Pelos sinais de compra que ele já emite sem perceber. Perguntas sobre preço, prazo de entrega, forma de pagamento, garantia e disponibilidade são pedidos de fechamento disfarçados. Quando o lead sai do "o que é" e entra no "como faço para ter", ele esquentou. Você não precisa perguntar se ele está pronto: o vocabulário dele denuncia. Anote esses gatilhos e o time inteiro passa a ler temperatura do mesmo jeito, sem depender do faro de cada um.

Vale a pena investir em lead frio?

Vale, desde que com esforço proporcional. Lead frio não merece o tempo de um vendedor ligando toda semana, mas merece uma cadência leve e barata que mantenha sua empresa na memória dele. O objetivo não é vender agora, é estar presente quando a necessidade aparecer.
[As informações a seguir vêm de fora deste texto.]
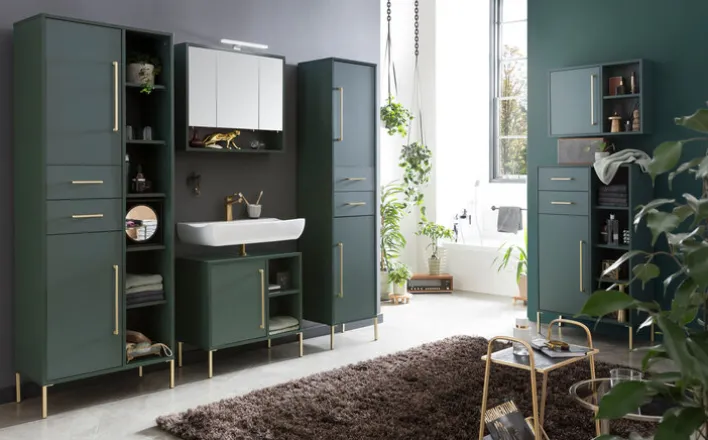 Der Hochschrank KENT hat ein Stellmaß von 67,1 x 184,3 x 33 cm (BxHxT). Er präsentiert sich in Korpus und Front in der harmonischen Dekorfarbe Waldgrün.
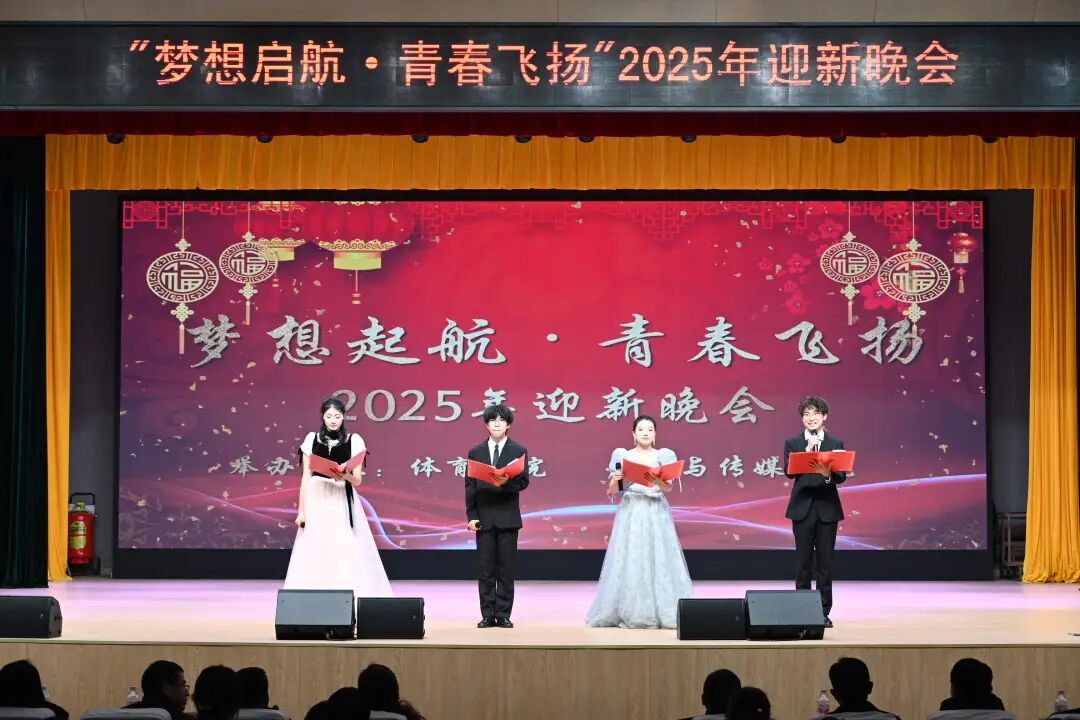 12月14日晚,beats365唯一官方网站与体育公司联合举办的“梦想起航·青春飞扬”迎新晚会在江南校区大礼堂隆重举行。公司组织部、学工部、团委等部门负责人应邀观看晚会,与beats365唯一官方网站、体育公司师生共赴这场青春盛宴。
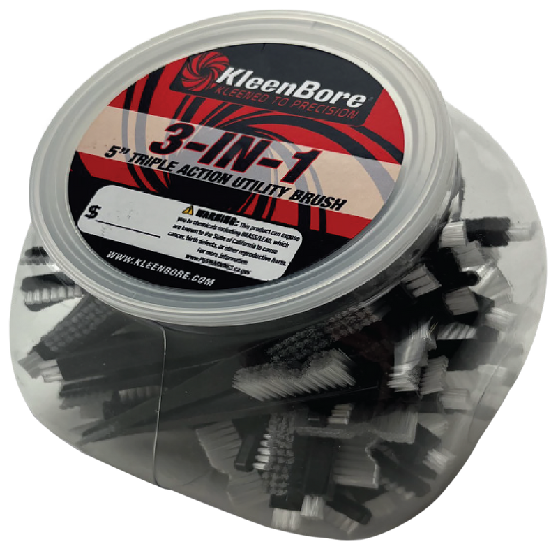 This Kleen-Bore Triple Action Utility Brush is a 5-inch nylon brush designed for general firearm cleaning and maintenance. The pack contains 50 individual brushes, making it suitable for bulk use or storage. Triple Action design provides effective cleaning action for various gun care applications.
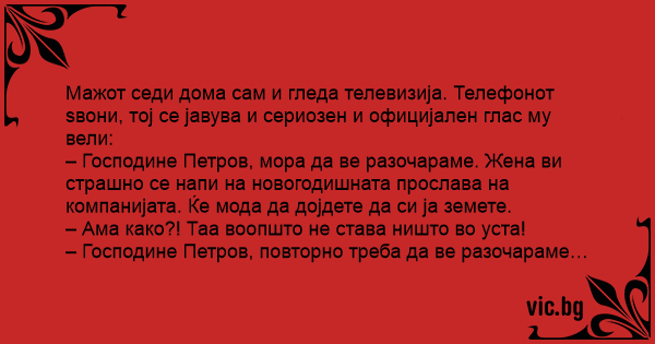 – Господине Петров, мора да ве разочараме. Жена ви страшно се напи на новогодишната прослава на компанијата. Ќе мода да дојдете да си ја земете.
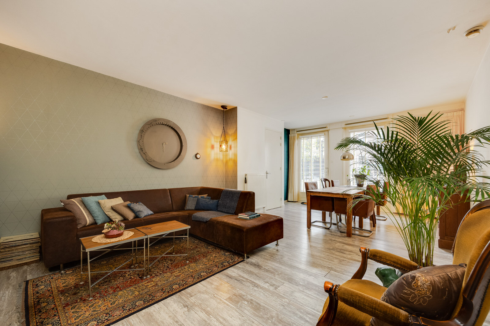 9A heeft een eigen entree aan de straatzijde, waar je direct binnenkomt in de woonkamer. De begane grond bestaat uit een royale leefruimte met grote ramen aan de voorzijde, waardoor de ruimte licht en uitnodigend aanvoelt. Deze verdieping is thans in gebruik als woonruimte, met een zitgedeelte aan de achterzijde en een eetgedeelte aan de voorzijde.
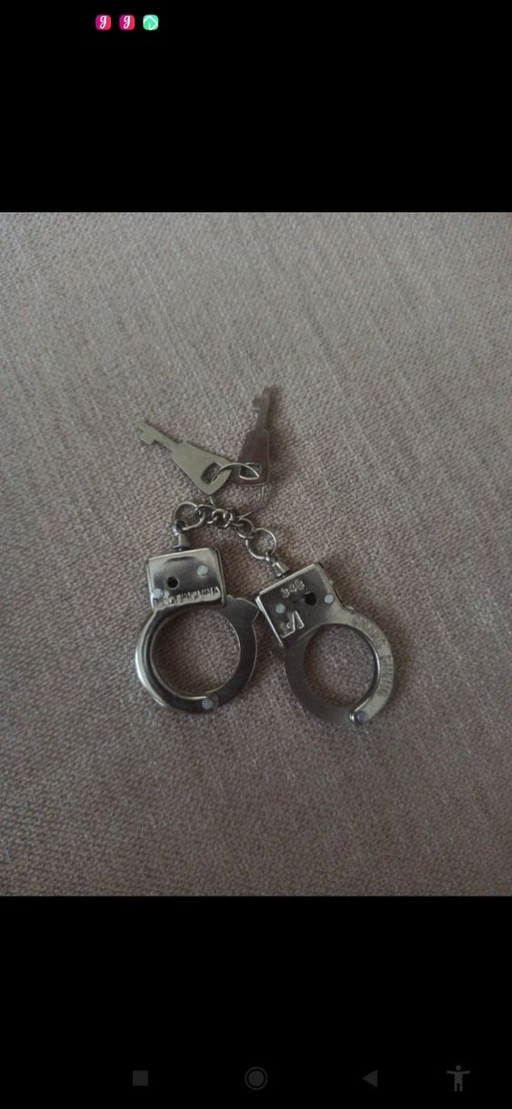 Gri renkte, metal kelepçe figürlü ve zincirle bağlı anahtarlık, küçük anahtar detayıyla grunge punk tarzını yansıtıyor.
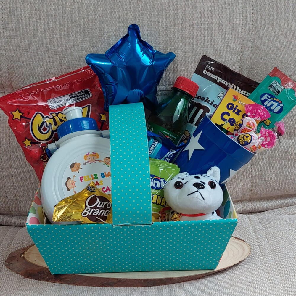 🎈 Cesta Infantil Azul — Dia das Crianças Cheia de cores, sabor e diversão! 💫 Vem com docinhos, salgadinhos, suquinho, pelúcia e balão — tudo embalado com muito carinho pra alegrar o dia dos pequenos! 💙✨
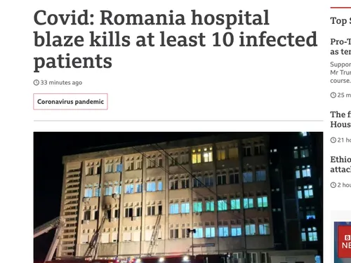Știrea despre incendiul de la Spitalul județean Piatra Neamț a fost preluată rapid de presa internațională. Au scris despre tragicul eveniment BBC, Euronews, Sky News, ABC News.
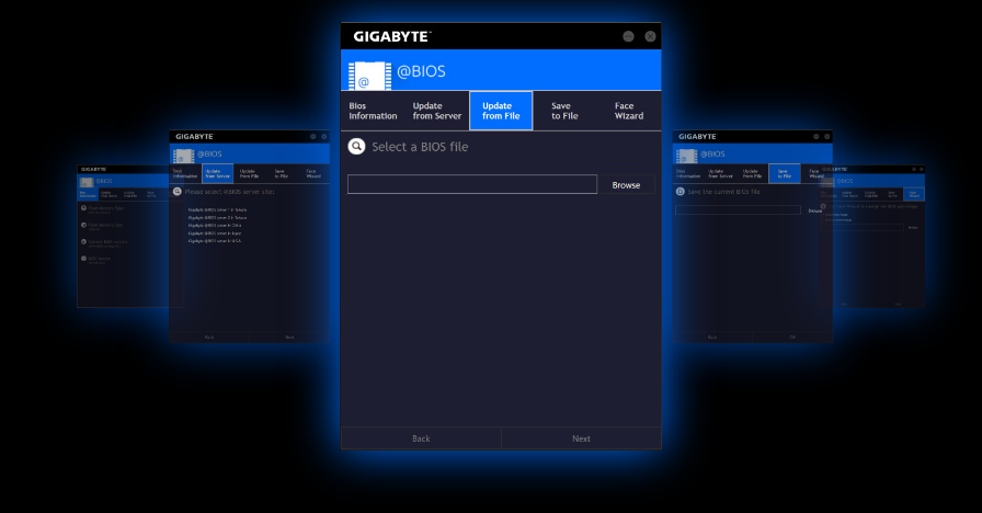 Ứng dụng GIGABYTE @BIOS cho phép bạn cập nhật BIOS của hệ thống ngay trong Windows bằng một giao diện đồ họa đơn giản và trực quan. @BIOS có thể tự động tải về phiên bản mới nhất từ các máy chủ của GIGABYTE hoặc bạn có thể cập nhật BIOS từ một file đã tải về sẵn trên máy. @BIOS cũng cho phép lưu lại bản BIOS hiện tại, phục hồi BIOS từ bản đã sao lưu trước đó.
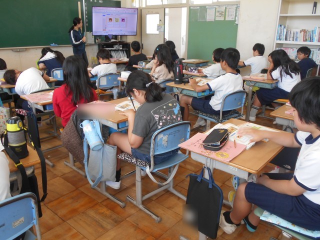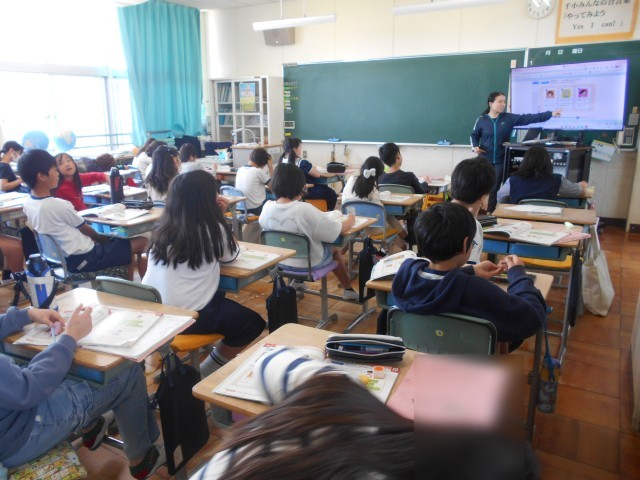 5年生の外国語の授業では、『名前のつづり方をたずねあおう』の学習をしていました。
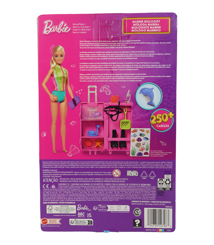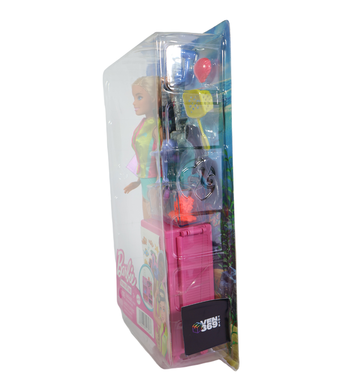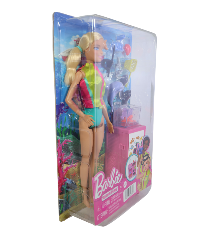 La muñeca Barbie cuenta con un atuendo de buceo de colores vibrantes (verde neón y turquesa) y viene equipada con todo lo necesario: aletas de buceo, máscara y snorkel. Los accesorios adicionales incluyen una red de exploración, un acuario móvil (tanque), coral, criaturas marinas y una figura de un delfín.

A conta é simples: se manter um lead frio custa pouco e ele pode virar morno a qualquer sinal, descartar cedo demais é jogar fora venda futura por impaciência.

Quantas temperaturas eu preciso? Três é suficiente?

Três resolve para a maioria das operações. Quente, morno e frio são fáceis de explicar, fáceis de agir e difíceis de errar. O risco de criar cinco ou seis níveis é a classificação virar debate: ninguém concorda se o lead é "morno alto" ou "quente baixo", e o tempo que deveria ir para a venda vai para a etiqueta. Prefira três categorias claras com ação distinta para cada uma. Se você precisa de mais granularidade para priorizar em escala, o caminho é a pontuação numérica, não mais rótulos.

Quem deve classificar a temperatura, o vendedor ou o sistema?

Os dois, em camadas. O sistema captura sinais objetivos (respondeu, abriu, perguntou preço) e sugere uma temperatura inicial, o que garante consistência e não depende de humor. O vendedor ajusta com o que ouviu na conversa, que a máquina não capta: um tom de voz, uma urgência mencionada de passagem. O que não funciona é depender só do feeling do vendedor, porque cada um calibra diferente e a classificação deixa de ser comparável entre a equipe.